Director/co-writer Crystal certainly couldn’t find anyone more suited than himself to play an acclaimed veteran comedy writer named Charlie Burnz, who has won Emmys and Tonys and has penned major hit film comedies. (We even see an onstage reunion celebrating the 20th anniversary of a Burnz-written comedy hit, with director Barry Levinson and actors Sharon Stone and Kevin Kline playing themselves.) Now in his 70s, Charlie is still working as a senior writer/consultant on a “Saturday Night Live” type show, and his comedy mind remains sharp and active — but he has to take the exact same walking route to work every day, and he has written the names of family members on Post-It notes next to their photos in his apartment, because he’s been losing his memory and is having more frequent “episodes” by the day.

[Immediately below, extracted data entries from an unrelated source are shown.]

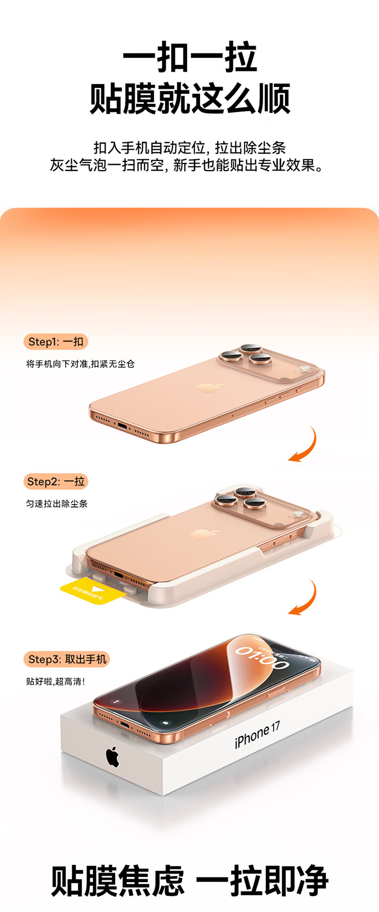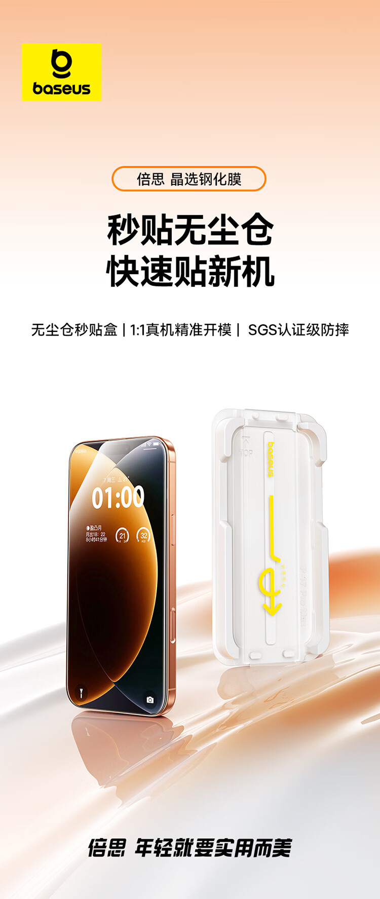 Baseus Beijing Pei丨Double-piece dust-free warehouse suitable for iPhone17 tempered film Apple 17 mobile phone film HD non-blocking screen anti-fingerprint 17 protective film dust-free warehouse second film application
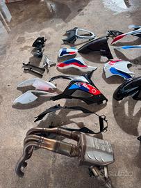 Vendo carene per BMW M 1000RR tutto il kit completo più faro anteriore, semi manubri, scarico completo con terminale, pedaline. Alcuni danni da caduta come in foto. Per altre foto contattare.
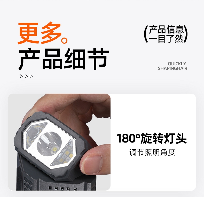 4、其他功能:灯头可180度旋转,底部有磁吸功能。
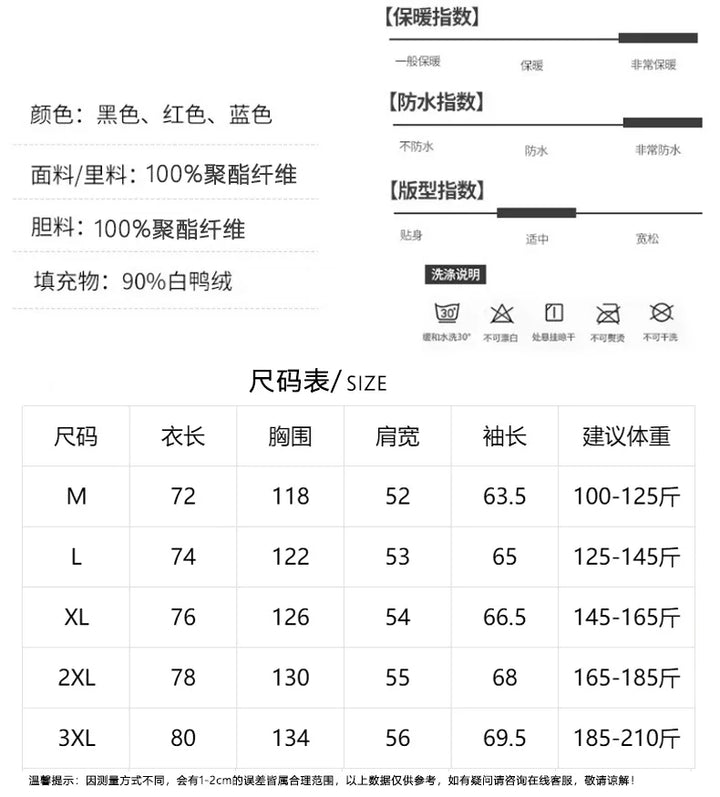 2024 Winter New Men's Puffer Jacket Fashion Thick Men Women Duck Down Jacket Outdoor Warm Casual Coats Solid Hooded Overcoats

Enter Tiffany Haddish as the brassy, funny and warmhearted Emma Payge — the kind of scene-stealing role Woody Allen used to regularly insert into his screenplays, usually to great comedic effect but also with a cringe-worthy moment or two, which is exactly what happens here. Emma’s boyfriend worshipped Charlie and bid on lunch with Charlie at a charity auction — but when they broke up, Emma decided to take the lunch, even though she had no idea who Charlie is. This mismatched pair doesn’t become a romantic couple, thank the Lord, but they DO strike up an unlikely friendship that at least seems plausible, thanks to the wonderful comedic chemistry between Crystal and Haddish.

“Here Today” moves along at a brisk pace as Charlie and Emma become increasingly involved in each other’s lives — and then gets more serious as Charlie’s condition worsens and time is running out for him to reconcile with his grown children: son Rex (Penn Badgley) and daughter Francine (Laura Benanti), with Francine still blaming Charlie for the circumstances that led to the tragic death of her mother. Even with all the laughs paving the way, the story reaches a legitimately moving conclusion and leaves us grateful we got to know Charlie Burnz. Now there was a guy who really understood the musical rhythms of comedy.